• About this task: When you reach the line containing "d'un panneau d'escalade", begin reproducing the material exactly, stop after the line containing "3. 产品特点:在协议约定的", and leave out any pictures along the way.
[Dataset section — start]
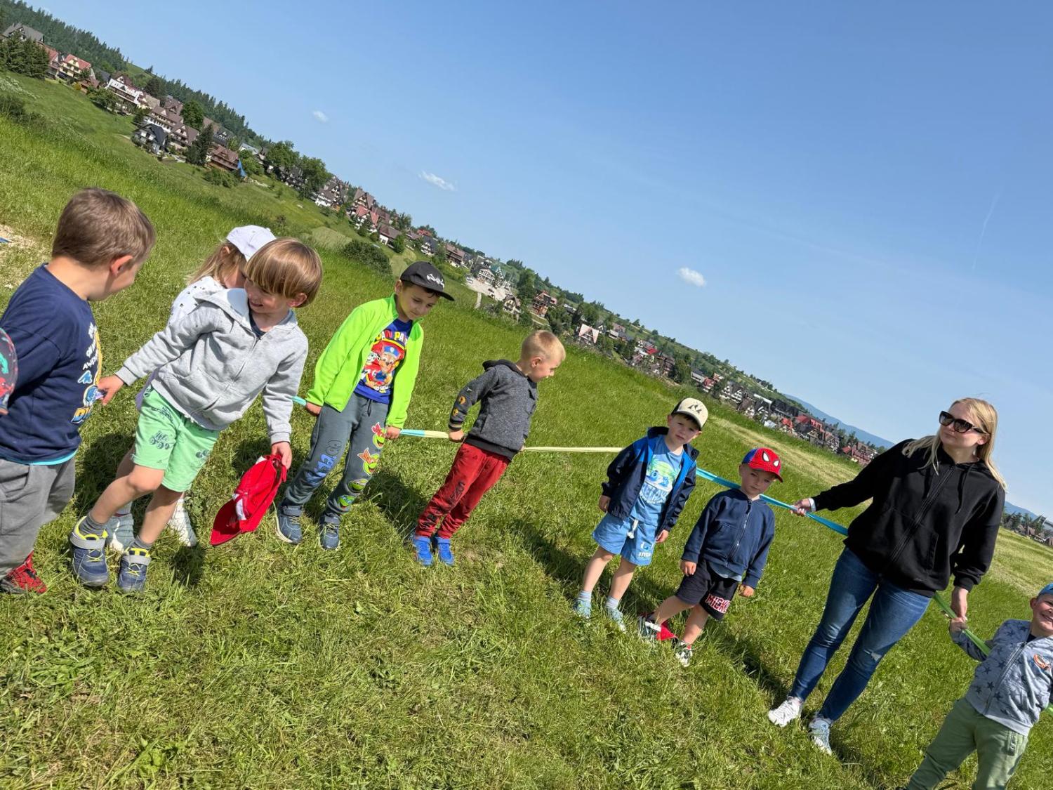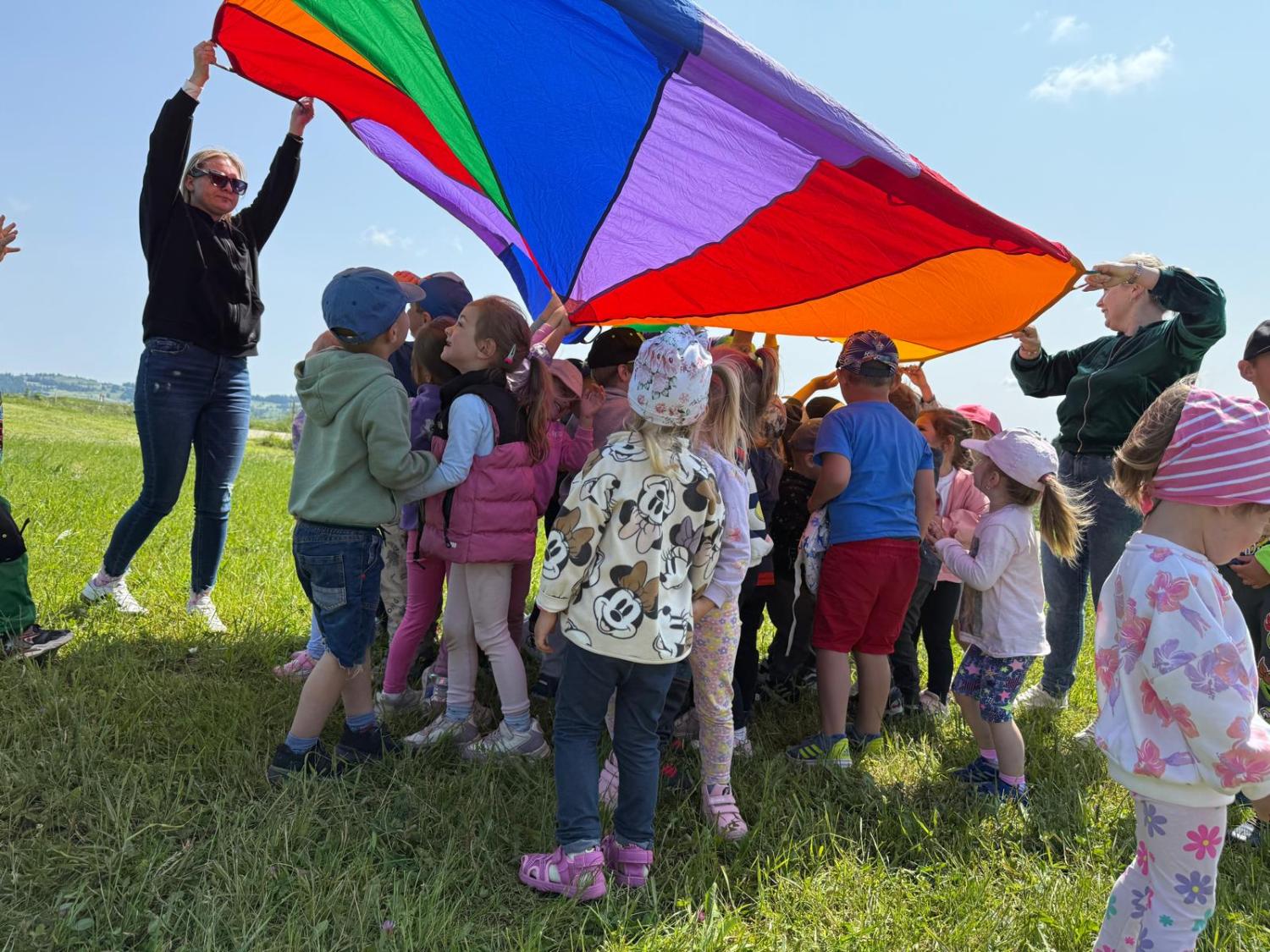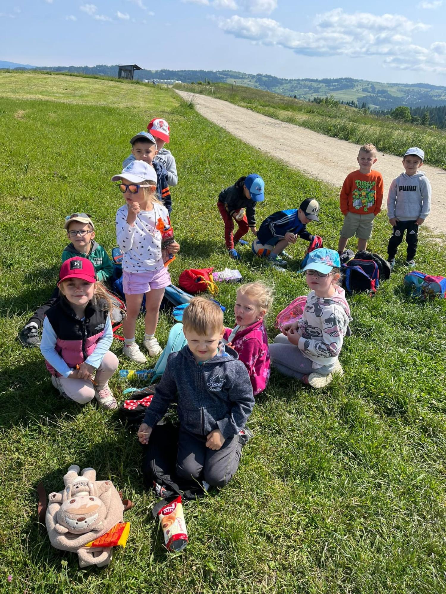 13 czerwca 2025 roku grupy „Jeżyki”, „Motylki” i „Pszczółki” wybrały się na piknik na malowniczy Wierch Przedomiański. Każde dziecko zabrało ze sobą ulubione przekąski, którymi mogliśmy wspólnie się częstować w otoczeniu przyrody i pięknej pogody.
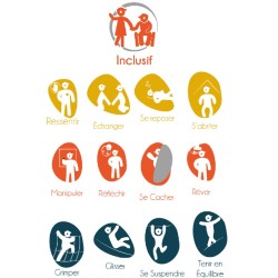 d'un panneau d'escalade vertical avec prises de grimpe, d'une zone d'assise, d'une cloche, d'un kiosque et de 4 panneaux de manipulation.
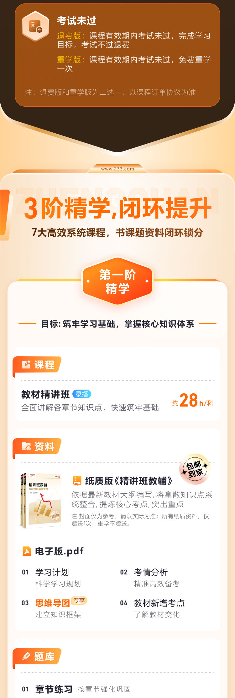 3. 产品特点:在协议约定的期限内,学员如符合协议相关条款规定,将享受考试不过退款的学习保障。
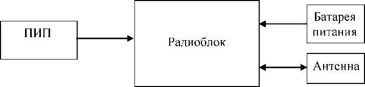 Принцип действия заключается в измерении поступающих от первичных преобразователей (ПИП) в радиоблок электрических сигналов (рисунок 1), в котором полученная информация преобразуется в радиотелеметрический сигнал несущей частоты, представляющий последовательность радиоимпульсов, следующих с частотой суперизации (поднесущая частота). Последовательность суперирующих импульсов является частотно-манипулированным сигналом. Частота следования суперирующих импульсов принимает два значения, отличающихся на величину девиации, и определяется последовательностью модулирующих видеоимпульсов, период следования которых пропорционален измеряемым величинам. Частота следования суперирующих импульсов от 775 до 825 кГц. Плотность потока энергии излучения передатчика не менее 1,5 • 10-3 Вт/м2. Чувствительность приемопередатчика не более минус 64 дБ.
[Dataset section — finish]
• Expected output:
 d'un panneau d'escalade vertical avec prises de grimpe, d'une zone d'assise, d'une cloche, d'un kiosque et de 4 panneaux de manipulation.
 3. 产品特点:在协议约定的期限内,学员如符合协议相关条款规定,将享受考试不过退款的学习保障。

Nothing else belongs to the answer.